For $600 and a box of Little Debbie snacks, I’ll smuggle you into Ireland where you can live out your days with a bog witch of your choosing.
20’s: need to look cool when I go out
30’s: need to look cool and be comfortable when I go out
40’s: need to be comfortable when I go out
50’s: I don’t need to go out
DETECTIVE: Where were you on the night of July 11th?
WALDO: (slides book across the table) You tell me, boss.

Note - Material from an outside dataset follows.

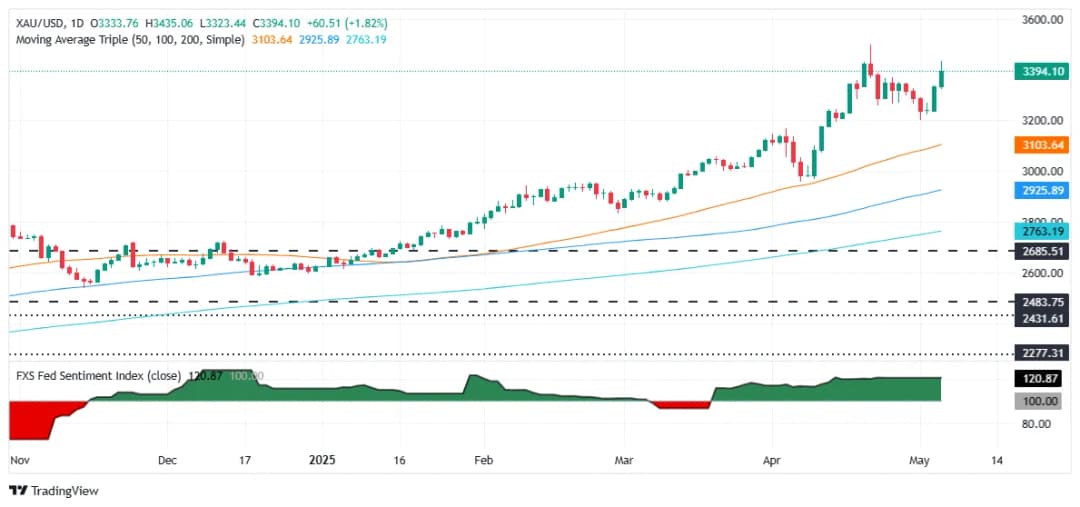 در زمان نگارش این گزارش، هر انس طلا (XAU/USD) حوالی ۳۴۰۰ دلار معامله میشود و بیش از ۲.۷۰٪ رشد کرده است.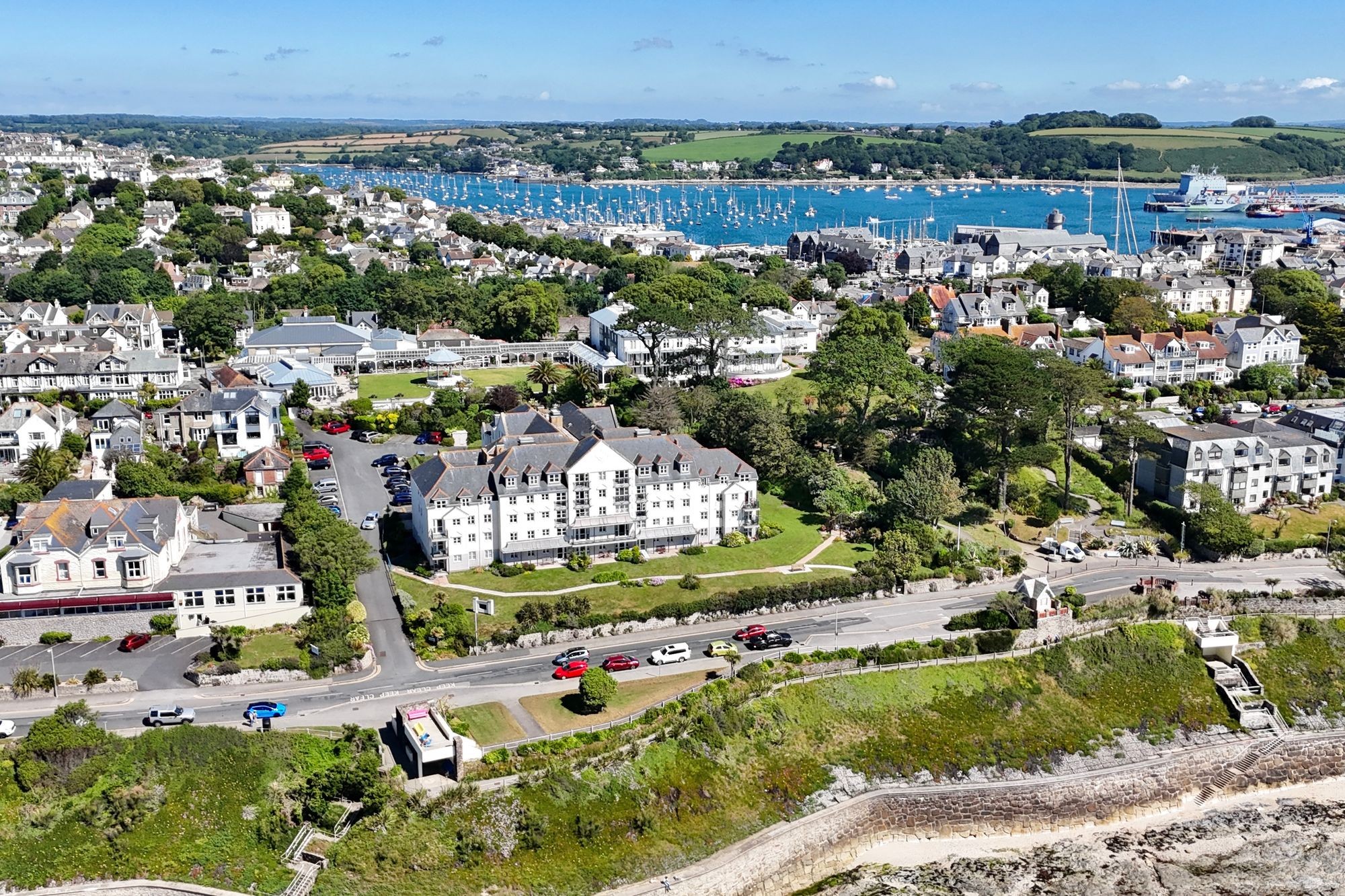 Bay Court is incredibly well located along Falmouth's seafront in a prominent front row position looking out to sea. The development is set within lovely landscaped gardens,moments from the coastal path and beaches and just a few minutes walk from the excellent ‘early ‘til late’ Co-op, Gyllyngvase beach and cafe. Next door to Bay Court is the Princess Pavilions , host to a variety of acts, comedians and theatre performances, not to mention bands during the summer months in the garden pavilion and a great place for tea, cakes and snacks can be accessed through a gate in the car park. The location is exciting and uplifting and with a bus stop outside, the town and harbourside are within easy reach. The town and its harbourside have an excellent and diverse selection of restaurants and an eclectic mixture of individual shops as well as national chains, together with quality galleries showcasing local talent. Falmouth Town Station, only 10 minutes’ walk away, provides a convenient link to the mainline at Truro for Exeter and London Paddington. Falmouth boasts the third largest natural harbour in the world and is renowned for its maritime facilities which offer some of the best boating and sailing opportunities in the country; little wonder the town is consistently ranked as one of the top five places to live in the UK.

And ladies, keying cars is very 2010 lol all you need to do is ask to drive his car and you take it and speed pass every speed camera in your city. And just return his car back to him like nothing happened.
[being mugged]
ME: can i keep things of sentimental value?
ROBBER: ok
ME:[pulling things from wallet] my favorite cash…my lucky debit card
“I love you but I don’t trust you,” I say to my dog as I put cheese and crackers on the table.
Cleaned bathroom sink half hour ago. Then trimmed mustache over sink. Oh … That’s what all those women I lived with were complaining about.
I’ve said it before. If Clifford was a Big Red Cat, everyone would be dead.
“I’m sorry, but are you suggesting what I think you’re suggesting?” -Fun way to confuse a waiter who just suggested a menu item
Caesar: Et tu, Brute?
Brutus: We told you not to wear Crocs.